Directions for this task: From start to end, write out the following data exactly, apart from its images.

Collected data:
|---|

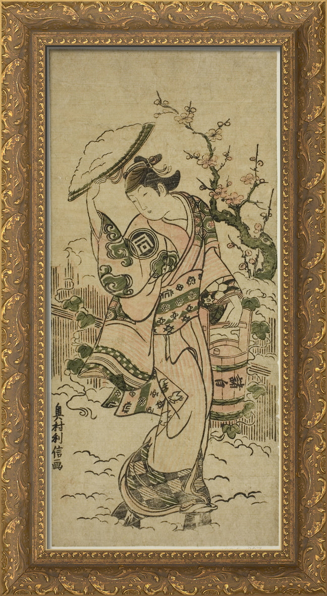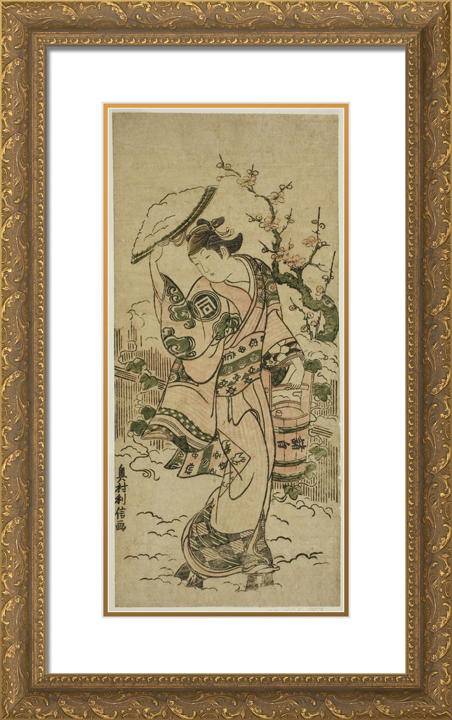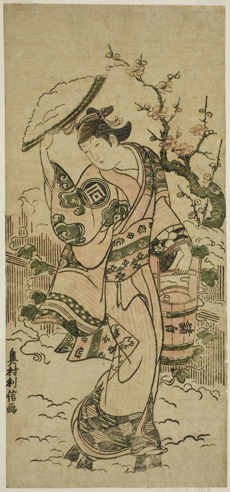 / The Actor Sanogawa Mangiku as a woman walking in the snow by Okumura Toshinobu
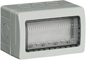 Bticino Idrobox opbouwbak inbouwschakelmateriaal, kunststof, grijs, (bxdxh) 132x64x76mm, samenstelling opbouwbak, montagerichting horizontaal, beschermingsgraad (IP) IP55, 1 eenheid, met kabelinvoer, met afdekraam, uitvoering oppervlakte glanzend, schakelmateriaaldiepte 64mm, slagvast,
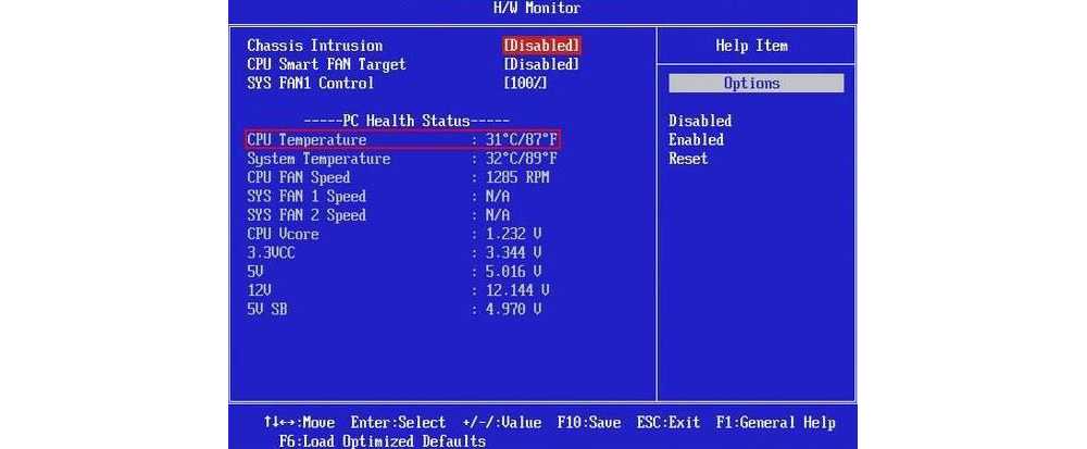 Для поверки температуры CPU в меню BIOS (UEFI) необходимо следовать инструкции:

|---|

Written response:
 / The Actor Sanogawa Mangiku as a woman walking in the snow by Okumura Toshinobu
 Bticino Idrobox opbouwbak inbouwschakelmateriaal, kunststof, grijs, (bxdxh) 132x64x76mm, samenstelling opbouwbak, montagerichting horizontaal, beschermingsgraad (IP) IP55, 1 eenheid, met kabelinvoer, met afdekraam, uitvoering oppervlakte glanzend, schakelmateriaaldiepte 64mm, slagvast,
 Для поверки температуры CPU в меню BIOS (UEFI) необходимо следовать инструкции:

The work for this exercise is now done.